Hi all,
I have been learning linux and have a secondary monitor that I wanted to use for showing some sensor data. Currently I need to manually enter in three commands and then arrange my windows each time I want to look at (and start-up, etc). I am using the nethogs, inxi, and lm-sensors libraries:
sudo nethogs
watch -n1 "inxi -s"
watch -n1 "sensors | grep Tdie"
The end result looks something like this:
https://i.ibb.co/TgWXKSn/sensors.png
Is it possible/easy to script the opening of these three terminal windows and position them onto a specific monitor? Or is there a completely different better way to go about this?
Also, is there a way for me to custom arrange the data on the screen? Eg, could I put the sensors "Tdie" data into two columns and remove the "high = +70.0 C" info?
[Beyond this specific case, is there a general solution with, say, a directory containing a separate shell script for launching each program, with a master script that specifies terminal width/height as well as (x,y) coordinates? --Ed.]

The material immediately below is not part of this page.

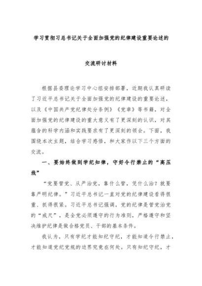 【七哥公文】2024年:学习贯彻习总书记关于全面加强党的纪律建设重要论述的交流研讨材料+更多免费公文+VX:QiGeGongWen2024

(Score: 2) by jimtheowl on Thursday January 17 2019, @03:12AM (3 children)
The history command is useful for capturing any sequence of commands you just typed. Just redirect it to a file. That file then become the basis for your script.
ie:
history > myscript
Add !/bin/sh at the start (for scripts, sh is more portable than bash), remove anything not required. You can replace values with variables if you want to make it more generic.
That is it.
(Score: 2, Informative) by Anonymous Coward on Thursday January 17 2019, @03:33AM (1 child)
Very helpful tip. Thank you. Except when I try to run something it opens in its own window:
I am sure I will figure it out though.
(Score: 0) by Anonymous Coward on Thursday January 17 2019, @04:06AM
not sure about gnome-terminal, but xterm and others use -e flag for this:
xterm --geometry 73x31+100+300 -e watch -n1 inxi -z -F
You can also use the flags to set window name/title/class to do some automatic detection for positioning etc.
(Score: 2) by maxwell demon on Thursday January 17 2019, @06:56AM
That should be #!/bin/sh
The Tao of math: The numbers you can count are not the real numbers.